━━━━━ LISTED RECORDS

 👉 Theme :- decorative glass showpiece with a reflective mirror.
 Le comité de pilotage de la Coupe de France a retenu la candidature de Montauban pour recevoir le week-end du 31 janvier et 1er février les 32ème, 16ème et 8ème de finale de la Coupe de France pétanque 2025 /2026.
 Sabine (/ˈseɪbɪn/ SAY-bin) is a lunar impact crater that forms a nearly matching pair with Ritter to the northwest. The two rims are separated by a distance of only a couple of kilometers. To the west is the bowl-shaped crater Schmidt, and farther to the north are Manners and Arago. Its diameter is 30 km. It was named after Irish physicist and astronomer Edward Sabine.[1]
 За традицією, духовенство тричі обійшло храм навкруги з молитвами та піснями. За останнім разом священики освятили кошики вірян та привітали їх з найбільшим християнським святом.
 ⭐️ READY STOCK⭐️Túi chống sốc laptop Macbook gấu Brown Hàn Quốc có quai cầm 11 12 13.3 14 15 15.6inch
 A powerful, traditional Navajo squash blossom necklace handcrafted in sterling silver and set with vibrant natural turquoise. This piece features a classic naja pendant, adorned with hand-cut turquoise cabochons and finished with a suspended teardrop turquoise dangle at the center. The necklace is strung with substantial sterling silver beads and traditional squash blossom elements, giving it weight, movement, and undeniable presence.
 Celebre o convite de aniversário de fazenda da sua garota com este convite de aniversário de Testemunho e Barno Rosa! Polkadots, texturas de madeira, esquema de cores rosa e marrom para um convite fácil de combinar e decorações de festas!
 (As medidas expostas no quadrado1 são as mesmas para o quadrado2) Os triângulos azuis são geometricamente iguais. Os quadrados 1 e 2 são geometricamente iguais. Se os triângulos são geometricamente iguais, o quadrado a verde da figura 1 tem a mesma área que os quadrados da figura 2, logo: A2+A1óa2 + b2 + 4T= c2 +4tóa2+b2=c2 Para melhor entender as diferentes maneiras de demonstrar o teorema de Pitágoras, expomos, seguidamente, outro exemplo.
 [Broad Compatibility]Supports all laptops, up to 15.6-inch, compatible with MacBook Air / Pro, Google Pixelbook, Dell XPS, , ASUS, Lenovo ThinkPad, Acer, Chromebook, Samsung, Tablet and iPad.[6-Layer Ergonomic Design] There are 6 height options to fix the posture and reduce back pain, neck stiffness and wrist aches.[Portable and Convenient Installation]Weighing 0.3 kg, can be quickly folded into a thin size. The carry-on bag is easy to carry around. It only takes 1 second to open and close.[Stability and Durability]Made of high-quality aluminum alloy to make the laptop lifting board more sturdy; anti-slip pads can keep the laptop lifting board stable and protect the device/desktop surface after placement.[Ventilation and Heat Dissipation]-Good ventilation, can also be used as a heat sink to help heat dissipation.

━━━━━━━━━━

TASK STATEMENT:
Retype only this portion of the data above: the line containing "За традицією, духовенство", the line containing "14 15 15.6inch", and all lines between them, exactly.

SOLVED PROBLEM:
 За традицією, духовенство тричі обійшло храм навкруги з молитвами та піснями. За останнім разом священики освятили кошики вірян та привітали їх з найбільшим християнським святом.
 ⭐️ READY STOCK⭐️Túi chống sốc laptop Macbook gấu Brown Hàn Quốc có quai cầm 11 12 13.3 14 15 15.6inch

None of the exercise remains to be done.